The spectral theorem for Hermitian matrices

A spectral theorem is a theorem about the diagonalization of a matrix or linear operator. A matrix is diagonalizable if it can be written in the form $MDM^{-1}$ where $D$ is a diagonal matrix. In this article, I will explain what a Hermitian matrix is, derive some properties, and use them to prove a spectral theorem for Hermitian matrices.

In the rest of the article, I will use the usual inner product on the complex vector space $\mathbb{C}^n$ :
$\left< u, v \right> = u^\top \overline{v} = \sum_{k = 1}^n u_k \overline{v_k}$

and the corresponding norm:
$|| z || = \sqrt{ \left< z, z \right> } = \sqrt{ \sum_{k = 1}^n z_k \overline{z_k} }$

We will often use that the inner product is linear in its first argument, and conjugate linear in its second:
$\left< \lambda u, v \right> = \lambda \left< u, v \right>$

$\left< u, \lambda v \right> = \overline{\lambda} \left< u, v \right>$

Here, $\overline{z}$ denotes the complex conjugate, which is defined by $\overline{x + iy} = x - iy$ for real $x, y \in \mathbb{R}$ . These are straightforward generalizations of the normal Euclidian inner product and norm on real vector spaces. In particular, this inner product equals the ‘normal’ inner product for real vectors.

Hermitian operators

Now, we are ready to define Hermitian operators:

Definition: A Hermitian or self-adjoint operator $A$ on a space $X$ with an inner product $\left< \cdot, \cdot \right> : X \times X \rightarrow \mathbb{R}$ is an operator for which
$\left< Ax, y \right> = \left< x, Ay \right>$

for all $x, y \in X$

By this definition, symmetric matrices with real elements are Hermitian. However, for matrices with complex elements, the condition is slightly different due to the complex conjugation in the second argument of the inner product.

The conjugate transpose $A^*$ of a complex matrix $A$ is defined by $A^* = \overline{A^\top}$ .

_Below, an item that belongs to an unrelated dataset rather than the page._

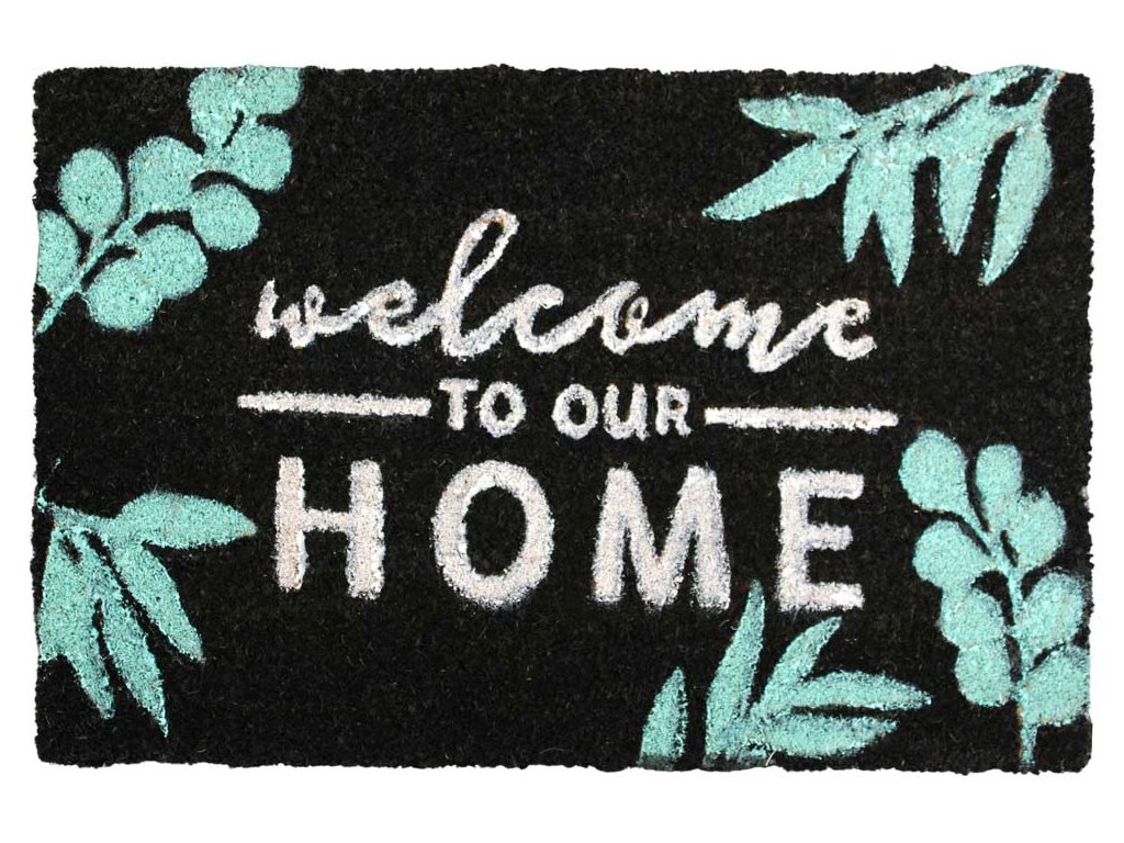Elegantní tmavá rohožka z kokosových vláken svým nápisem Welcome to our HOME vítá do domácnosti každého příchozího. Vkusně ozdobí vstupní dveře a spolehlivě očistí podrážky obuvi od hrubých venkovních nečistot. Spodní strana je pogumovaná a zaručuje tak fixaci k podlaze. Vrchní část je z kokosových vláken.

Theorem: A matrix $A$ with complex elements is Hermitian if and only if
$A = A^*$

Proof: We have $\left< Ax, y \right> = x^\top A^\top \overline{y}$ and $\left< x, Ay \right> = x^\top \overline{A} \overline{y}$ , so $\left< Ax, y \right> = \left< x, Ay \right> \iff x^\top A^\top \overline{y} = x^\top \overline{A} \overline{y}$ . This equality can only hold for all $x, y \in X$ if $A^\top = \overline{A}$ . Taking transposes from both sides, we see that this holds if and only if $A = A^*$ . $\square$

I want to emphasize that Hermicity can be seen as a generalization of symmetry: We have $\overline{A} = A$ if $A$ is a matrix with real elements, so every symmetric matrix with real elements is Hermitian.

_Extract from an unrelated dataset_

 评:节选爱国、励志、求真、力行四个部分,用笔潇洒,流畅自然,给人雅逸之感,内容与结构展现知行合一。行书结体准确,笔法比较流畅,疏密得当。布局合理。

The spectral theorem for Hermitian matrices

Hermitian matrices have some pleasing properties, which can be used to prove a spectral theorem.

Lemma: The eigenvectors of a Hermitian matrix $A \in \mathbb{C}^{n \times n}$ have real eigenvalues.

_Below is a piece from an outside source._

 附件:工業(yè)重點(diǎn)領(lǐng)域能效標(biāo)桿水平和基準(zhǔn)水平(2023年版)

Proof: Let $v$ be an eigenvector with eigenvalue $\lambda$ . Then $\lambda \left< v, v \right> = \left< \lambda v, v \right> = \left<Av, v \right> = \left< v, Av \right> = \left< v, \lambda v \right> = \overline{\lambda} \left< v, v \right>$ . It follows that $\lambda = \overline{\lambda}$ , so $\lambda$ must be real. $\square$

Recall that two vectors $x$ and $y$ are orthogonal if their inner product is zero, that is, $\left< x, y \right> = 0$ , that a set of vectors $V$ is orthogonal if every pair $v_1, v_2$ with $v_1 \not= v_2$ is orthogonal, and that it is orthonormal if it is orthogonal and every vector $v \in V$ has unit norm, that is, $||v|| = 1$ .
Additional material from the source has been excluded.